» **DATASET EXCERPT**
----------------------------------------
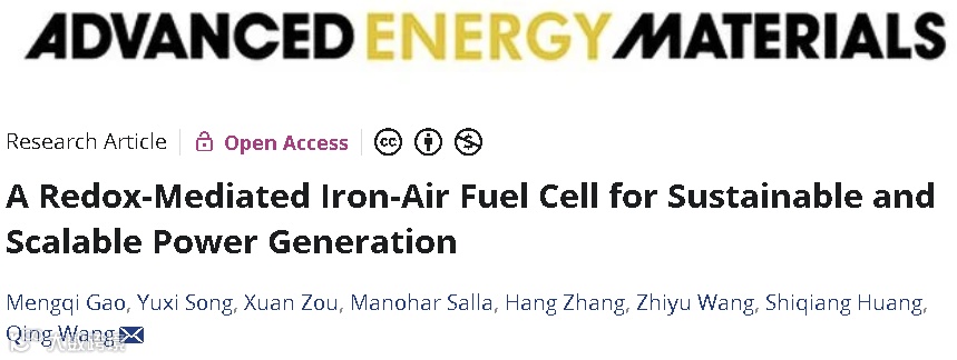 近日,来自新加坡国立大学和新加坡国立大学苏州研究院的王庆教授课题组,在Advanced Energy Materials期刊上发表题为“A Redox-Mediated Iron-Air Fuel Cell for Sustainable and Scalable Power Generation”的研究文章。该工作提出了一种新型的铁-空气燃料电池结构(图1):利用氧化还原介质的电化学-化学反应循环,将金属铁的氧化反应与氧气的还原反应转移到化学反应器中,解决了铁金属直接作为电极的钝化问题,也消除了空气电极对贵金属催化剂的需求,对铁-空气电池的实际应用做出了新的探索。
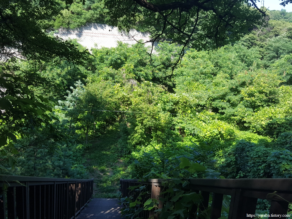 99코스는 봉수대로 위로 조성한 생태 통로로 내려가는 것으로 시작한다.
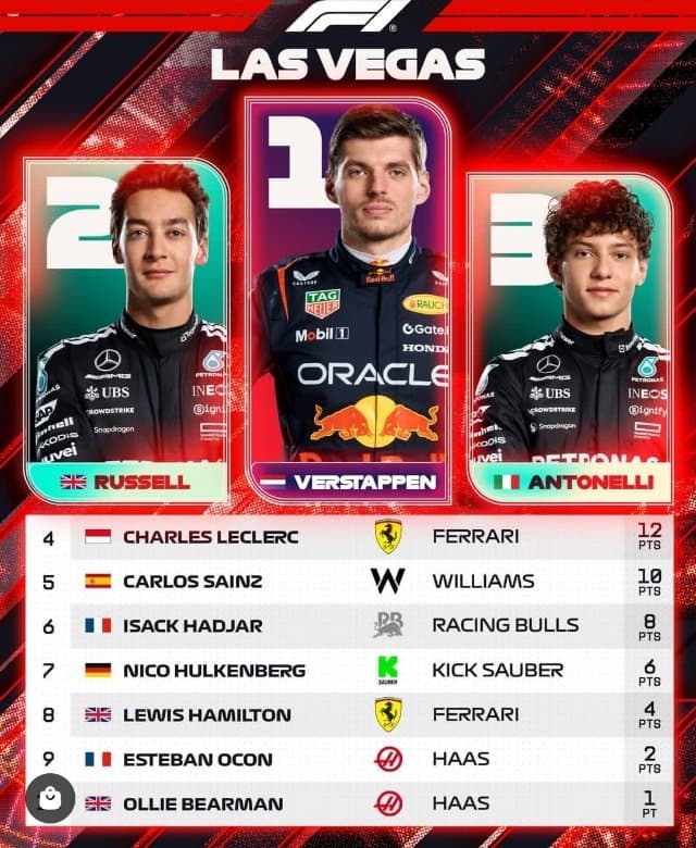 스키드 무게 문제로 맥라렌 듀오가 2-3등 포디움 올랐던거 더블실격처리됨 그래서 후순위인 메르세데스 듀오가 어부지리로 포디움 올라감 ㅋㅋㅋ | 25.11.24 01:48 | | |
----------------------------------------
» **EXERCISE OBJECTIVE**
Copy out the data exactly and keep the pictures out.

» **RESULT OF THE EXERCISE**
 近日,来自新加坡国立大学和新加坡国立大学苏州研究院的王庆教授课题组,在Advanced Energy Materials期刊上发表题为“A Redox-Mediated Iron-Air Fuel Cell for Sustainable and Scalable Power Generation”的研究文章。该工作提出了一种新型的铁-空气燃料电池结构(图1):利用氧化还原介质的电化学-化学反应循环,将金属铁的氧化反应与氧气的还原反应转移到化学反应器中,解决了铁金属直接作为电极的钝化问题,也消除了空气电极对贵金属催化剂的需求,对铁-空气电池的实际应用做出了新的探索。
 99코스는 봉수대로 위로 조성한 생태 통로로 내려가는 것으로 시작한다.
 스키드 무게 문제로 맥라렌 듀오가 2-3등 포디움 올랐던거 더블실격처리됨 그래서 후순위인 메르세데스 듀오가 어부지리로 포디움 올라감 ㅋㅋㅋ | 25.11.24 01:48 | | |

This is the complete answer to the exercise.